On Oct 30, a 7th grade girl with a history of incidents against me had just returned from suspension (she had sprayed me in the face with perfume after telling me that I “smell like old white pussy”) and got angry when I changed her seat.

She said, “Oh, this damn bitch is all up in my face startin’ her shit. Imma gonna kick her fuckin’ white ass”. She then got up and gave a long racially charged diatribe about how she “can do whatever I want to the white bitch and the school can’t do nothin’. It’s just a damn school and I’m about to kick this bitch’s white ass ‘cuz I am DONE with the damn bitch”.

She ended her rant by shoving past me and shoving me to the floor.

Incidents such as these are written off as “poor instruction” or “poor planning”.  When I discussed this situation with my (Black) principal, she said, “I doubt they even know you are white”.  She also said, “I have to wonder of you are able to really ENGAGE the young people – to they LIKE the work you give?” (sic)

Many teacher beat-downs at the hands of black students are caught on video: Here’s one from Upper Darby from October: More than 70 black students were fighting and when the teacher tried to break it up, the students turned on him.

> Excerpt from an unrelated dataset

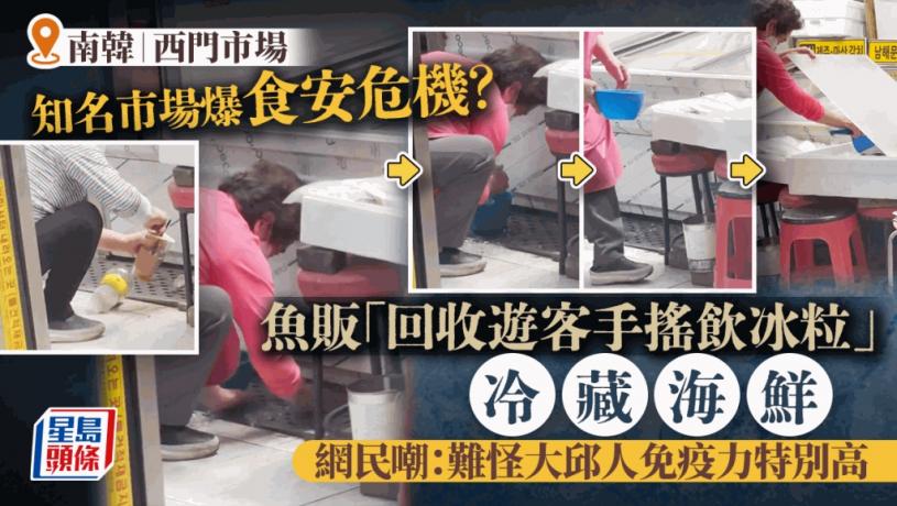 南韓歷史最悠久、最大規模的集貿市場大邱「西門市場」,爆出有魚販竟然撿取遊客飲過的手搖飲,「回收」杯內的沾有遊客涶液的冰粒,用來冷藏魚貨,衞生成疑之餘更令人噁心,事件震驚當地網民,紛紛狠批有關商販做法離譜,更有怒指,「如果連冰塊都買不起,就應該收檔!」

Frederick Douglass high school in Rochester is the scene of regular and large scale black mob violence. The latest came last week, when five black students were arrested after being part of a large fight on campus.

Regular and frequent black mob violence in schools is documented in White Girl Bleed a Lot: The Return of Racial Violence to America and How the Media Ignore It, as well as at the popular video site WorldStarHipHop.com. Many examples are gathered at WhiteGirlBleedalot.com.

That does not mean much to the president of the Chicago teacher’s union. She says any problems with student learning are due to racism. “When,” she asks, “will we address the fact that rich white people think they know what’s best for children of African American or Latinos, no matter what the parents’ income or education level?”

The secret of disproportionate levels of black violence in schools is no secret. It is the subject of frequent stories at black web sites including the TheGrio.com, Huffpo Black Voices, The Root.com, Ebony, Jet and others.

Glenn Singleton is way past trying to deny it. But he does explain it:

“White educators are prone to wondering why black and brown boys are prone to fighting in school,” he writes. “They question why violence is taught in homes of color. Missing from this analysis however is how these boys might be affected by growing up in a White-governed country which threatens young men of color at will, distrusts their ability to succeed and follow the law, and allows daily racial stress to mount in neighborhoods, schools and classrooms.”

With the release of the recent Justice Department report, it is not missing any more.